• WORK REQUIRED: Find the line with "中華そばとわかめおにぎりのセット。" in the entries below, then output every line from it down to the line with "Die Yonex Nanoflare", exactly and with no pictures.

• ENTRIES PROVIDED:

++++++++

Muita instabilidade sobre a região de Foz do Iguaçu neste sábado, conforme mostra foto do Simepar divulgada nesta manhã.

++++++++

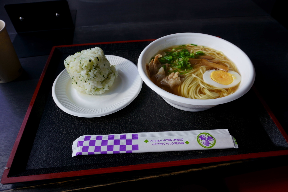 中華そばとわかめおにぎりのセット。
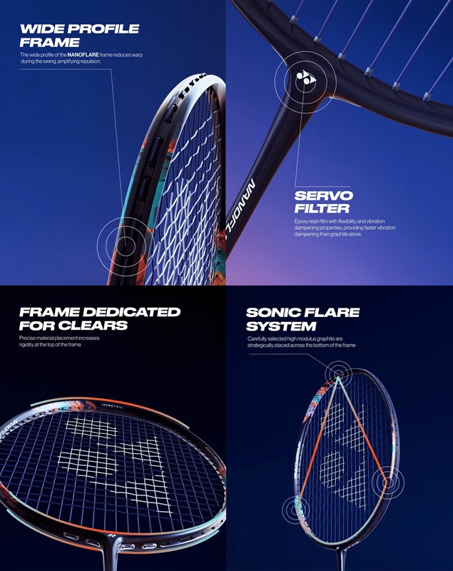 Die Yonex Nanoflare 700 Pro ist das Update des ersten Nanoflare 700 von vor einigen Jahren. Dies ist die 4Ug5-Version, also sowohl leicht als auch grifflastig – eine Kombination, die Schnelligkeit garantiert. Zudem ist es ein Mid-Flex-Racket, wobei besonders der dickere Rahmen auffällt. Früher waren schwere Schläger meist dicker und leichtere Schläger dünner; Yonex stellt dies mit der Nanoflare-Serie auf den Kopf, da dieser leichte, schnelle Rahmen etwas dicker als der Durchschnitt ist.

++++++++

• YOUR SOLUTION:
 中華そばとわかめおにぎりのセット。
 Die Yonex Nanoflare 700 Pro ist das Update des ersten Nanoflare 700 von vor einigen Jahren. Dies ist die 4Ug5-Version, also sowohl leicht als auch grifflastig – eine Kombination, die Schnelligkeit garantiert. Zudem ist es ein Mid-Flex-Racket, wobei besonders der dickere Rahmen auffällt. Früher waren schwere Schläger meist dicker und leichtere Schläger dünner; Yonex stellt dies mit der Nanoflare-Serie auf den Kopf, da dieser leichte, schnelle Rahmen etwas dicker als der Durchschnitt ist.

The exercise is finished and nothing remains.